Base layer — any domain
hippo:Topicsubject areas, themes
hippo:Entitypeople, orgs, products, plants
hippo:Notefree-form observations
hippo:Sourcearticles, papers, URLs, books
hippo:Decisiondecisions with rationale
hippo:Questionopen questions
hippo:Taglightweight labels
Code layer — software projects
hippo:Projecttop-level project
hippo:Modulepackage / module
hippo:Filesource file
hippo:Functionfunction / method
hippo:Structstruct / type
hippo:Interfaceinterface definition
hippo:Dependencyexternal dependency
05

Get started

Homebrew (recommended)
1
Install
brew install tggo/tap/hippocamp
2
Add to Claude Code
hippocamp install
3
Done — hooks auto-install on first run
ask Claude: "analyze this project and build a knowledge graph"
Direct download
macOS Apple Silicon
hippocamp_darwin_arm64.tar.gz
macOS Intel
hippocamp_darwin_amd64.tar.gz
Linux / Windows
→ github.com/tggo/hippocamp/releases
06

Under the hood

Auto-setup

Hooks and skills auto-install to .claude/ on first launch. Updated only when the binary is newer.

Named graphs

Multiple isolated graphs in one store. One graph per project, shared ontology.

BadgerDB

Context-aware in-memory store with ACID transactions.
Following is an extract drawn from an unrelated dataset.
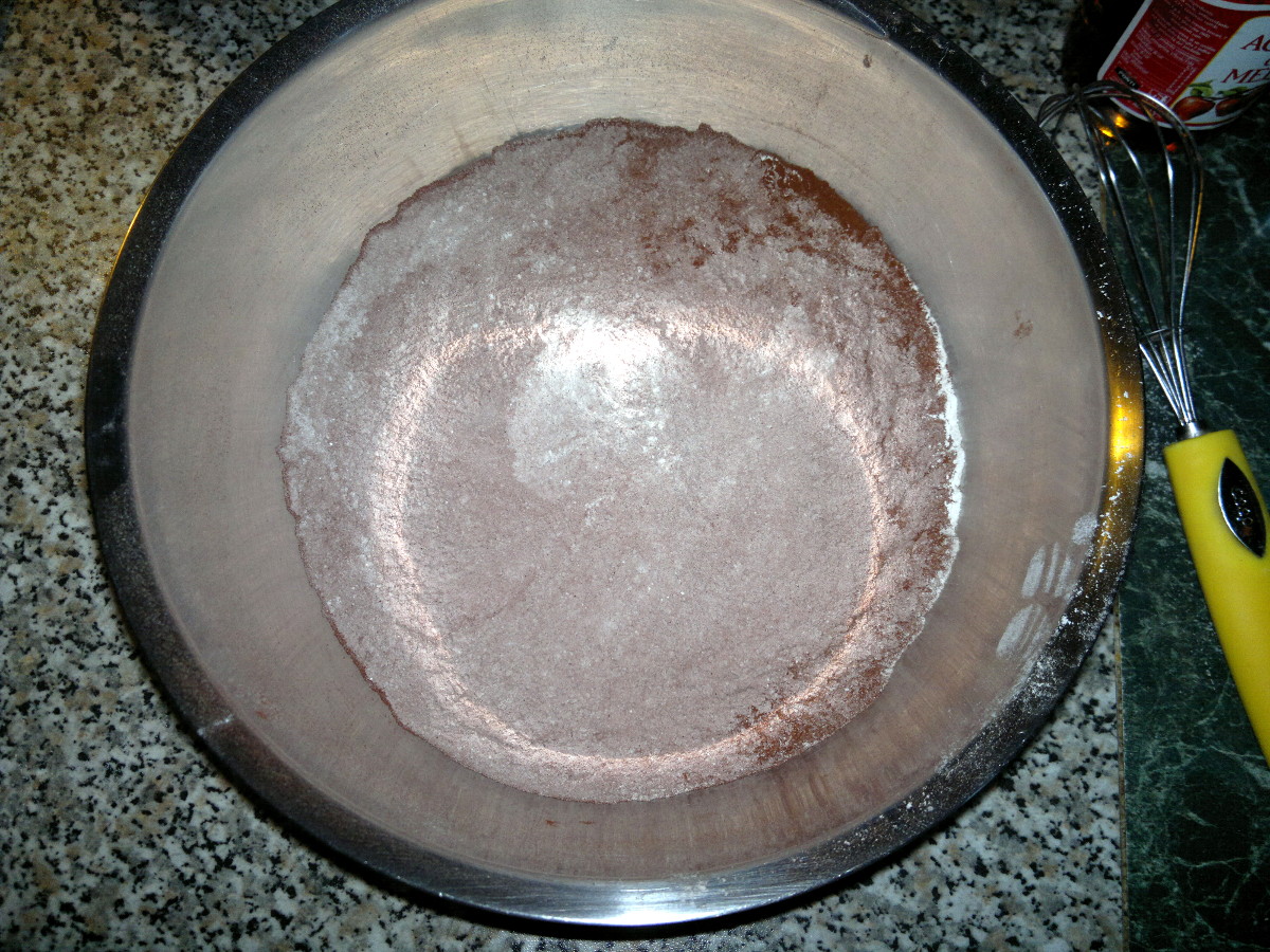 Setacciate gli ingredienti secchi e mescolateli tutti insieme in una ciotola.

Proper graph isolation.

TriG persistence

Auto-load on startup, auto-save on shutdown. TriG preserves named graph boundaries.

SPARQL 1.1

W3C-conformant query engine. SELECT, ASK, CONSTRUCT, and all UPDATE operations.

Open-world ontology

Base + code layers. Extend with your own classes and properties — RDF is open-world.

Temporal search

“last week”, “yesterday”, “march 2026” — auto-parsed into date ranges. Smooth proximity scoring boosts recent results.

Confidence scoring

Every result ranked 0–100%. Top hit is 100%, rest proportional. LLMs instantly see which results matter.

Explain mode

Set explain: true to see per-field score breakdown. Which fields matched, temporal proximity, graph-traversal path.

Live visualization

Interactive force-directed graph in the browser. Nodes colored by type, sized by connections. Refreshes on every load — always current.

Provenance tracking

hippo:confidence, hippo:provenance, hippo:source — track where knowledge came from and how certain it is.